Start the distributed XGBoost train to store the model in OSS
kubectl create -f xgboostjob_v1alpha1_iris_train.yaml
Look at the train job status
kubectl get -o yaml XGBoostJob/xgboost-dist-iris-test-train
Here is a sample output when the job is finished. The output log like this
Name: xgboost-dist-iris-test
Namespace: default
Labels: <none>
Annotations: <none>
API Version: xgboostjob.kubeflow.org/v1alpha1
Kind: XGBoostJob
Metadata:
Creation Timestamp: 2019-06-27T01:16:09Z
Generation: 9
Resource Version: 385834
Self Link: /apis/xgboostjob.kubeflow.org/v1alpha1/namespaces/default/xgboostjobs/xgboost-dist-iris-test
UID: 2565e99a-9879-11e9-bbab-080027dfbfe2
Spec:
Run Policy:
Clean Pod Policy: None
Xgb Replica Specs:
Master:
Replicas: 1
Restart Policy: Never
Template:
Metadata:
Creation Timestamp: <nil>
Spec:
Containers:
Args:
--job_type=Train
--xgboost_parameter=objective:multi:softprob,num_class:3
--n_estimators=10
--learning_rate=0.1
--model_path=autoAI/xgb-opt/2
--model_storage_type=oss
--oss_param=unknown
Image: docker.io/merlintang/xgboost-dist-iris:1.1
Image Pull Policy: Always
Name: xgboostjob
Ports:
Container Port: 9991
Name: xgboostjob-port
Resources:
Worker:
Replicas: 2
Restart Policy: ExitCode
Template:
Metadata:
Creation Timestamp: <nil>
Spec:
Containers:
Args:
--job_type=Train
--xgboost_parameter="objective:multi:softprob,num_class:3"
--n_estimators=10
--learning_rate=0.1
--model_path="/tmp/xgboost_model"
--model_storage_type=oss
Image: docker.io/merlintang/xgboost-dist-iris:1.1
Image Pull Policy: Always
Name: xgboostjob
Ports:
Container Port: 9991
Name: xgboostjob-port
Resources:
Status:
Completion Time: 2019-06-27T01:17:04Z
Conditions:
Last Transition Time: 2019-06-27T01:16:09Z
Last Update Time: 2019-06-27T01:16:09Z
Message: xgboostJob xgboost-dist-iris-test is created.
Reason: XGBoostJobCreated
Status: True
Type: Created
Last Transition Time: 2019-06-27T01:16:09Z
Last Update Time: 2019-06-27T01:16:09Z
Message: XGBoostJob xgboost-dist-iris-test is running.
Reason: XGBoostJobRunning
Status: False
Type: Running
Last Transition Time: 2019-06-27T01:17:04Z
Last Update Time: 2019-06-27T01:17:04Z
Message: XGBoostJob xgboost-dist-iris-test is successfully completed.

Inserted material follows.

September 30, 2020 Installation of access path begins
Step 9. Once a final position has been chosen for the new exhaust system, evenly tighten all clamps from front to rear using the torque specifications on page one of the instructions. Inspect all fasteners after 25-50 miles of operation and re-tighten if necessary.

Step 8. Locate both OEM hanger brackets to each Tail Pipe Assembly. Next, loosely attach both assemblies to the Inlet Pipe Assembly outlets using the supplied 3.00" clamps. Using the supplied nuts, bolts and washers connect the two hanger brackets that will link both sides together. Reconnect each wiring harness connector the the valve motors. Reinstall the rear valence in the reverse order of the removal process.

Reason: XGBoostJobSucceeded
Status: True
Type: Succeeded
Replica Statuses:
Master:
Succeeded: 1
Worker:
Succeeded: 2
Events:
Type Reason Age From Message
---- ------ ---- ---- -------
Normal SuccessfulCreatePod 102s xgboostjob-operator Created pod: xgboost-dist-iris-test-master-0
Normal SuccessfulCreateService 102s xgboostjob-operator Created service: xgboost-dist-iris-test-master-0
Normal SuccessfulCreatePod 102s xgboostjob-operator Created pod: xgboost-dist-iris-test-worker-1
Normal SuccessfulCreateService 102s xgboostjob-operator Created service: xgboost-dist-iris-test-worker-0
Normal SuccessfulCreateService 102s xgboostjob-operator Created service: xgboost-dist-iris-test-worker-1
Normal SuccessfulCreatePod 64s xgboostjob-operator Created pod: xgboost-dist-iris-test-worker-0
Normal ExitedWithCode 47s (x3 over 49s) xgboostjob-operator Pod: default.xgboost-dist-iris-test-worker-1 exited with code 0
Normal ExitedWithCode 47s xgboostjob-operator Pod: default.xgboost-dist-iris-test-master-0 exited with code 0
Normal XGBoostJobSucceeded 47s xgboostjob-operator XGBoostJob xgboost-dist-iris-test is successfully completed.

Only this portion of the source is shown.